Worte aus der Stille

Kreatives Schreiben und Meditation – geht das zusammen? Das werde ich herausfinden am kommenden Wochenende im Haus am Turm in Essen, wenn ich meinen ersten Schreibkurs mit dem Meditationslehrer Manfred Rompf gemeinsam gebe. Thema ist „Worte aus der Stille“. Den Schreibfluss mit der Kontemplation zu verbinden ist in der Tat mal wieder ein Experiment. Aber ich bin guter Dinge, dass es funktionieren wird. Über die Ergebnisse berichte ich  natürlich.

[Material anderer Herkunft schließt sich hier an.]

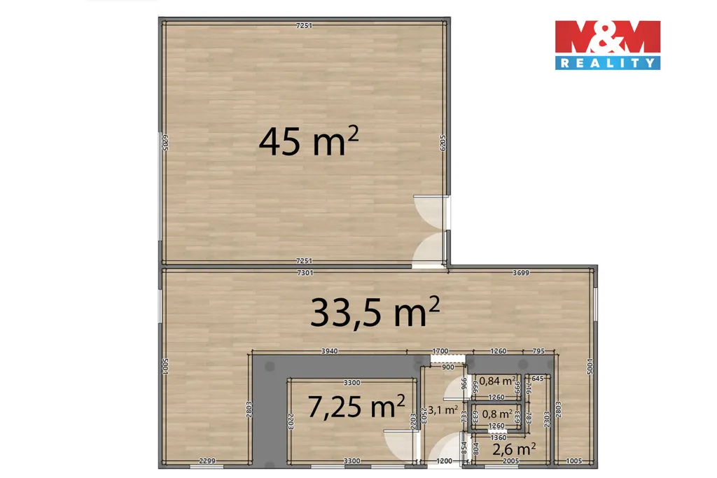 Dispozice a výměry: kancelář: 7,25 m², sociální zázemí

Collage und Wortmusterkarten
Worte aus der Stille

Die Vorbereitungen für die Schreibaufgaben zu „Worte aus der Stille“ haben jedenfalls viel Spaß gemacht. Alle haben mit „Stille“ zu tun – und passen insofern zur Meditation. Ich bin gespannt, was den Teilnehmern so einfällt. Geplant ist auf jeden Fall auch wieder, gestalterische Elemente einzubringen, so dass noch eine kreative Ebene zum Schreiben dazukommt. Das geht von Wortmusterkarten zu Assoziationswörtern bis hin zu einer Collage, in der wir unterschiedliche Themen gestaltend miteinander verbinden wollen. Was natürlich nicht fehlen darf: Ein Haiku. Wenn die klirrende Kälte und der Schnee weiter anhalten, dürften das stille, kühle Gedichtminiaturen werden.